There is a function to calculate the concentration of the targets.
```{r calculate the conc, warning=FALSE, message=FALSE}
target_conc<-conc_cal(result,cluster_num=4,sampvol=0.91,volmix=20,voltemp=20)
print(target_conc)
```

This package can also handle 3-up to 6-color dPCR data. We first perform flowPeaks only.
```{r 3d example, warning=FALSE, message=FALSE}
data(BPV)
data_scaled<-apply(BPV,2,function(x) (x-min(x))/(max(x)-min(x)))
data_input<-as.matrix(data_scaled)
fp<-flowPeaks(data_input)
table(fp$peaks.cluster)
df_data<-as.data.frame(cbind(BPV,cluster=fp$peaks.cluster))
polytect_plot(df_data,cluster_num=8)
```
Then the main function.
```{r 3d example polytect clust, warning=FALSE, message=FALSE}
result<-polytect_clust(data=BPV,cluster_num=8)
table(result$cluster)
polytect_plot(result,cluster_num = 8)
```
Polytect does not change the clustering result of flowPeaks.

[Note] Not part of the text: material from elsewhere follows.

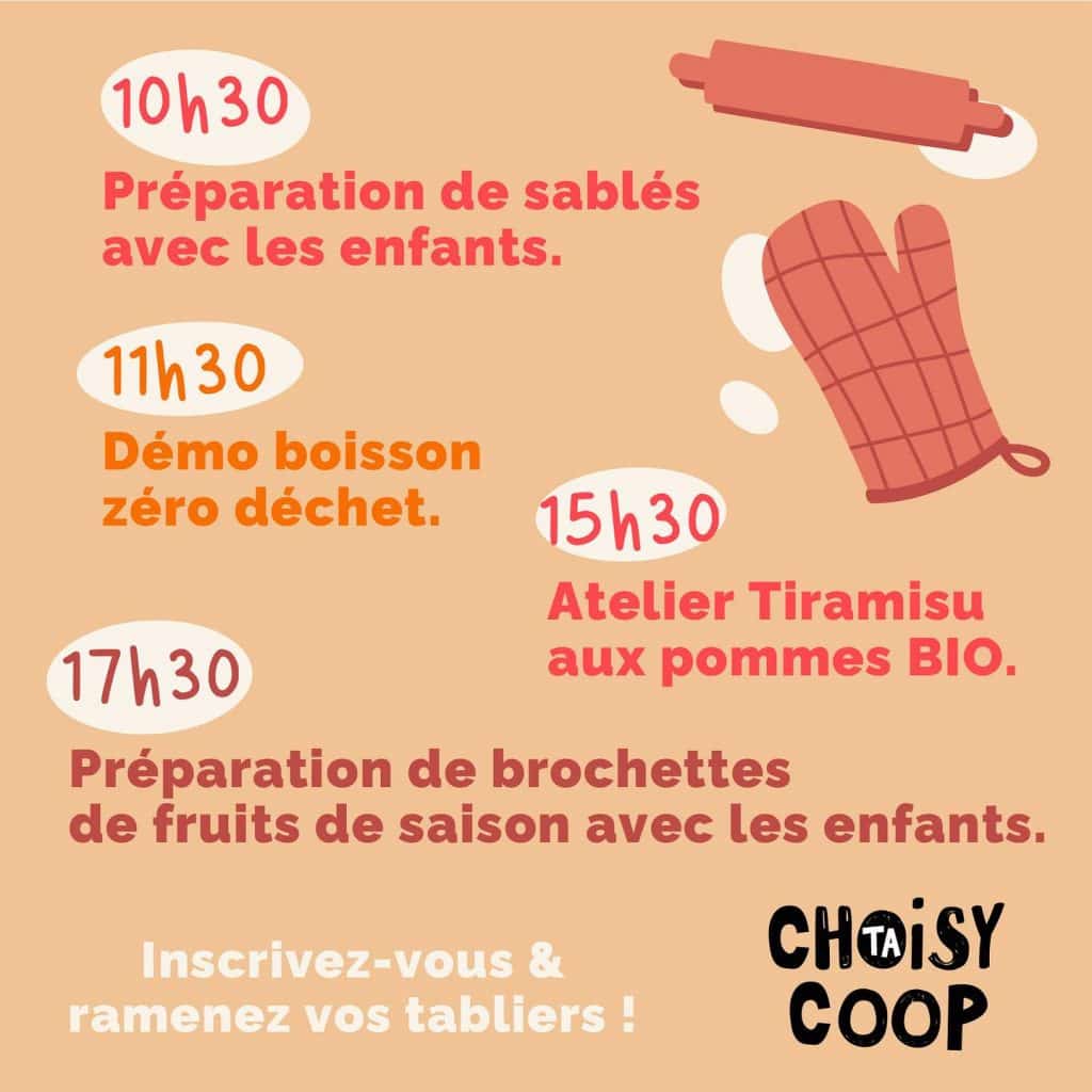 4 ateliers cuisine autour de la pomme ont été mis en place à partir de 10h30, infos et réservation à la Coop. Venez partager vos meilleures spécialités sucrées et salées à base de pomme.
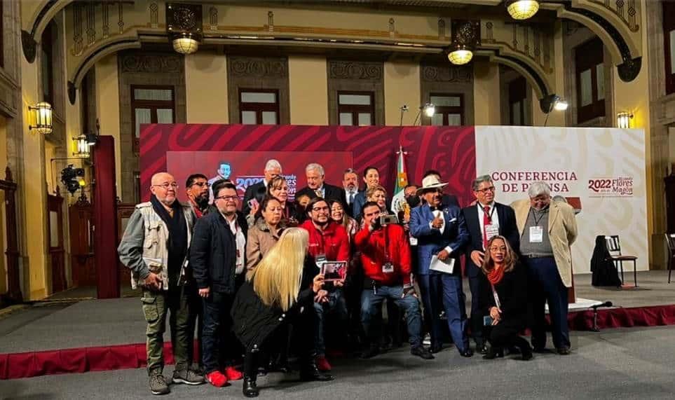 Al final de su última mañanera del año, López Obrador convocó a los asistentes a la mañanera a tomarse una foto con él en el Salón Tesorería, con motivo de fin de año.

What it did is relabeling.

Comparison to the existing ddpcr package ddpcrclust
```{r ddpcrclust, warning=FALSE, message=FALSE}
exampleFiles <- list.files(paste0(find.package('ddPCRclust'), '/extdata'), full.names = TRUE)
template <- readTemplate(exampleFiles[9])
template$template[1,3]<-2
template$template[1,c(6,7)]<-''
data_list<-list()
data_list$ids<-'B01'
data_list$data$B01<-data.frame(Ch1.Amplitude=HR[,1],Ch2.Amplitude=HR[,2])  

result <- ddPCRclust(data_list,template = template)

ggplot(data=HR, 
       aes(channel1, channel2,colour = factor(result$B01$data$Cluster)))+
    geom_point(size=0.9,show.legend = FALSE) +
    labs(x = "color 1", y = "color 2") +
    theme(text = element_text(size = 15), 
          panel.grid.major = element_blank(),
          panel.grid.minor = element_blank(),
          panel.background = element_blank(),
          axis.line = element_line(colour = "black"),
          plot.margin = margin(t = 20, r = 20, b = 20, l = 20),
          axis.title.x = element_text(margin = margin(t = 20)),
          axis.title.y = element_text(margin = margin(r = 20)))

```
## Session Information

The following information was obtained from the R session that generated this vignette:

```{r session_info, warning=FALSE, message=FALSE}
sessionInfo()
```

## References

Ge Y, Sealfon S (2012). “flowPeaks: a fast unsupervised clustering for flow cytometry data via K-means and density peak finding.” Bioinformatics. R package version 4.4.0.

Lun A (2024). bluster: Clustering Algorithms for Bioconductor. R package version 1.14.0.